I have middle school memories of using print layout programs. There was a class newsletter, maybe? I remember the long seconds it would take for the computer to chug away when one moved a text box somewhere new. Affinity, for all its idiosyncrasies, is like having two fists of middle-school lightning. Text flows with satisfying speed. The layer tools are easy to use, and let me quickly add the trove of images I've been drawing. I've been migrating the manuscript into page-by-page layout. It is a big process but not an endless one. The master pages function allows for very fast templating of material with consistent structure. And the Field Guide to Newtopia is the most structured material I've ever created - a nested table of tables of information about this fictional planetoid. I've grown and the software has grown too.

Soft Call for Artists

As you may guess from the screen capture above, each page will see around six illustrations, all greyscale, most hexagonal. I have many of these illustrations drawn already, but I have many more to go, and I don't want to be the only artist that brings this world to life. After I've finished bringing the manuscript into laid out pages, I'll be seeking that art, and artists to draw it.
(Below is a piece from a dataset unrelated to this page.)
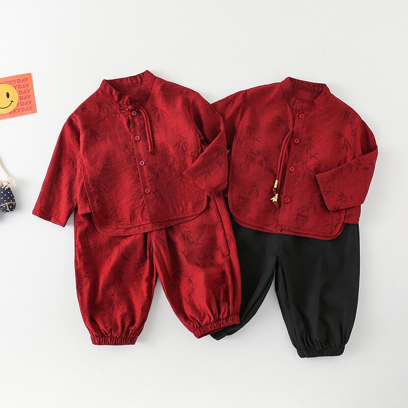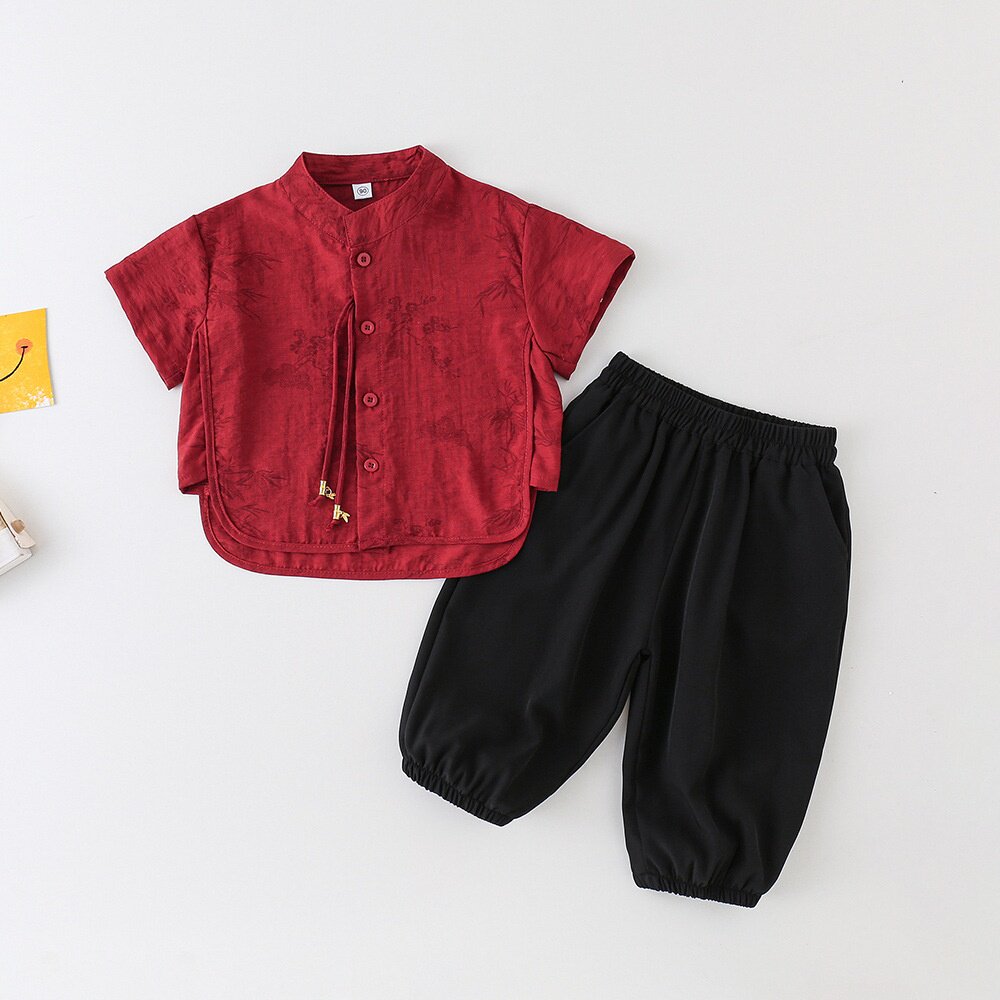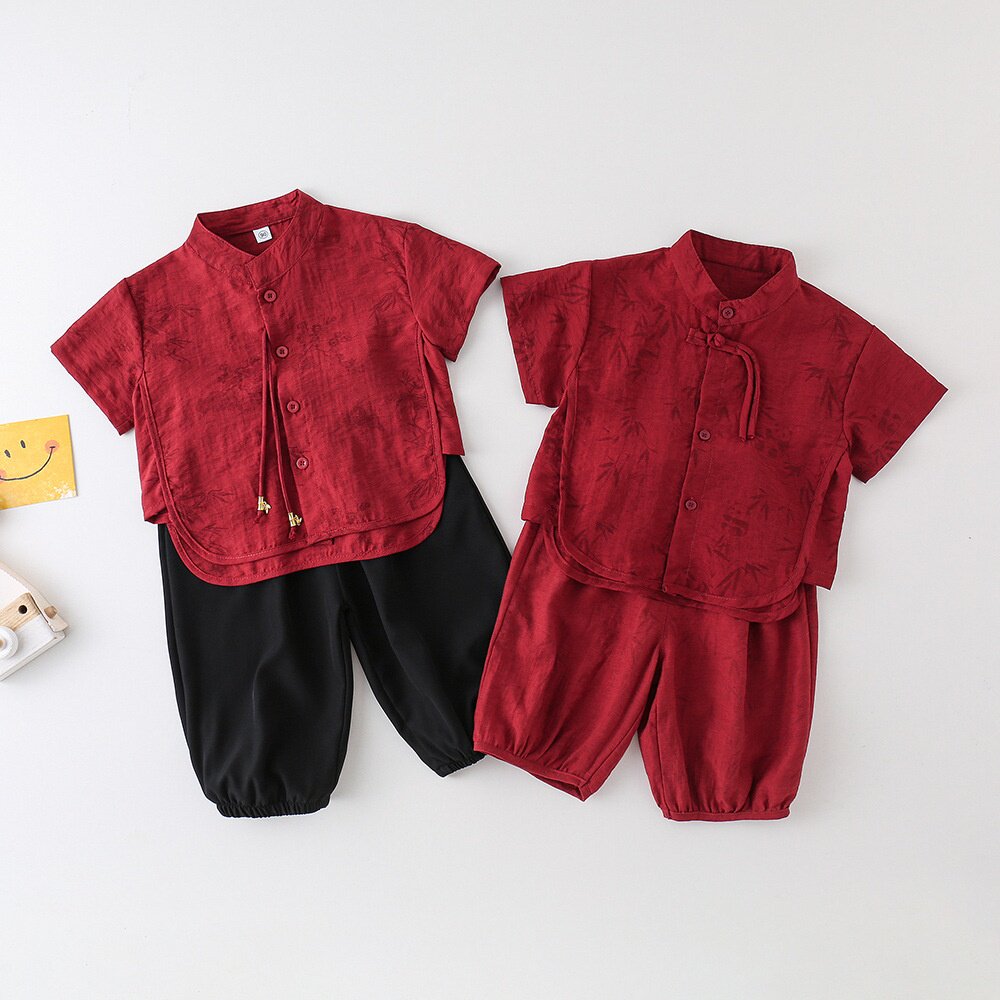 📚 男童汉服夏装套装宝宝生日周岁礼服中小童新中式红色喜庆国风唐装

Maybe that's you, dear reader? If you are interested, reply back with questions. I'll be compensating my collaborators, using the WAGE artist fee schedule found over here. In general, I seek a greyscale, comic style with a focus on biology and fantastical architecture, ideally as ProCreate digital drawing files.

This is such an exciting time in the project. Newtopia comes alive, not just for me but for a growing number of readers and collaborators. I hope to have the book out by next year.

Blessings and Kind Regards

Tuesday and Josh on a Wisconsin camping trip!

I hope that fall finds you all relaxing into the end-of-year. The fading plants and falling leaves remind me to let my own days go silent too. It is alright to rest, to restart. The earth does it every year. We do it every day.